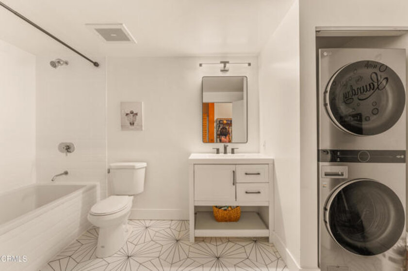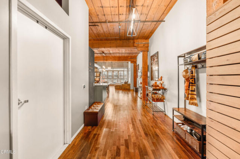 Serene Courtyard Loft with Industrial Character in the Heart of the Arts DistrictA dramatic wall of floor-to-ceiling windows frames tranquil courtyard views of blue sky and distant mountains, filling this stylish loft with natural light throughout the day. The wide, open floor plan and soaring ceilings create an airy sense of volume, while authentic 1920s wood beams and posts showcase the building's rich industrial heritage. Designed for both comfort and versatility, the expansive layout easily accommodates distinct living, dining, sleeping, and workspace zones. Whether creating a dedicated home office, creative studio, or generous entertaining area, the open design allows for seamless flow while maintaining clearly defined spaces. The recently updated kitchen features a modern backsplash, open floating shelves, and a functional center island with additional cabinetry, blending style with everyday practicality. The bathroom has also been thoughtfully renovated with new flooring and tile, offering a fresh, contemporary feel. Residents enjoy one gated, attached covered parking space and 24/7 on-site security. A recently renovated resort-style rooftop provides a heated pool and spa, cabanas, BBQ areas, fire pits, and a fully equipped fitness center--an ideal extension of sophisticated urban living. Perfectly located across from Arts District Park and just moments from acclaimed restaurants, coffee houses, museums, and galleries, this home also offers convenient access to Metro and train stations as well as major freeways. Experience vibrant, design-forward living in one of Downtown LA's most sought-after neighborhoods.
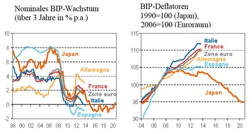 Zurzeit hat der Euroraum einiges mit dem Japan der 1990er Jahre gemeinsam. Wie damals Japan muss der Euroraum eine Reihe grösserer Schocks verkraften. Um den Schock der Finanzkrise abzufedern, liess Europa einen starken Anstieg der Staatsverschuldung zu. Selbst jetzt nach einigen Jahren der Sparpolitik sind die Staatsschulden noch immer hoch. Einige Ähnlichkeiten mit Japan sind recht verblüffend - vor allem im Vergleich mit Spanien, wo das nominale Wachstum von durchschnittlich fast 8% kurz nach der Jahrtausendwende auf -1% seit Anfang der 2010er Jahre gefallen ist und der BIP-Deflator seit 2008 stagniert. Im Euroraum insgesamt bietet sich ein ähnliches, wenn auch weniger ausgeprägtes Bild wie in Japan. In nur wenigen Jahren ist das nominale Wachstum von 4% auf unter 2% gefallen. Der BIP-Deflator hat sich hier zwar anders entwickelt als damals in Japan, aber gefallen ist er zweifellos.
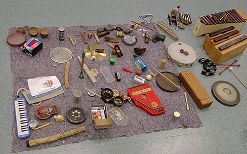Der Umgang mit den von mir zur Verfügung gestellten Klang- und Geräuscherzeugern ist phänomenologisch. D.h. die Instrumente werden ohne Vorurteile auf ihre klanglichen Möglichkeiten und Wirkungen hin untersucht. Ein sachliches Hören auf die unterschiedlichen Phänomene und Wirkungen des Klangmaterials hin wird geschult. Die Klänge werden intuitiv differenziert, katalogisiert und eingesetzt. Daraus entstehen themenbezogene spezifische klangliche Polyphonien, die die sowohl improvisatorisch als auch kompositorisch sein können.

● **WHAT TO WORK ON**: Output the full listing above exactly, excluding all pictures.

● **EXERCISE OUTPUT**:
 Serene Courtyard Loft with Industrial Character in the Heart of the Arts DistrictA dramatic wall of floor-to-ceiling windows frames tranquil courtyard views of blue sky and distant mountains, filling this stylish loft with natural light throughout the day. The wide, open floor plan and soaring ceilings create an airy sense of volume, while authentic 1920s wood beams and posts showcase the building's rich industrial heritage. Designed for both comfort and versatility, the expansive layout easily accommodates distinct living, dining, sleeping, and workspace zones. Whether creating a dedicated home office, creative studio, or generous entertaining area, the open design allows for seamless flow while maintaining clearly defined spaces. The recently updated kitchen features a modern backsplash, open floating shelves, and a functional center island with additional cabinetry, blending style with everyday practicality. The bathroom has also been thoughtfully renovated with new flooring and tile, offering a fresh, contemporary feel. Residents enjoy one gated, attached covered parking space and 24/7 on-site security. A recently renovated resort-style rooftop provides a heated pool and spa, cabanas, BBQ areas, fire pits, and a fully equipped fitness center--an ideal extension of sophisticated urban living. Perfectly located across from Arts District Park and just moments from acclaimed restaurants, coffee houses, museums, and galleries, this home also offers convenient access to Metro and train stations as well as major freeways. Experience vibrant, design-forward living in one of Downtown LA's most sought-after neighborhoods.
 Zurzeit hat der Euroraum einiges mit dem Japan der 1990er Jahre gemeinsam. Wie damals Japan muss der Euroraum eine Reihe grösserer Schocks verkraften. Um den Schock der Finanzkrise abzufedern, liess Europa einen starken Anstieg der Staatsverschuldung zu. Selbst jetzt nach einigen Jahren der Sparpolitik sind die Staatsschulden noch immer hoch. Einige Ähnlichkeiten mit Japan sind recht verblüffend - vor allem im Vergleich mit Spanien, wo das nominale Wachstum von durchschnittlich fast 8% kurz nach der Jahrtausendwende auf -1% seit Anfang der 2010er Jahre gefallen ist und der BIP-Deflator seit 2008 stagniert. Im Euroraum insgesamt bietet sich ein ähnliches, wenn auch weniger ausgeprägtes Bild wie in Japan. In nur wenigen Jahren ist das nominale Wachstum von 4% auf unter 2% gefallen. Der BIP-Deflator hat sich hier zwar anders entwickelt als damals in Japan, aber gefallen ist er zweifellos.
Der Umgang mit den von mir zur Verfügung gestellten Klang- und Geräuscherzeugern ist phänomenologisch. D.h. die Instrumente werden ohne Vorurteile auf ihre klanglichen Möglichkeiten und Wirkungen hin untersucht. Ein sachliches Hören auf die unterschiedlichen Phänomene und Wirkungen des Klangmaterials hin wird geschult. Die Klänge werden intuitiv differenziert, katalogisiert und eingesetzt. Daraus entstehen themenbezogene spezifische klangliche Polyphonien, die die sowohl improvisatorisch als auch kompositorisch sein können.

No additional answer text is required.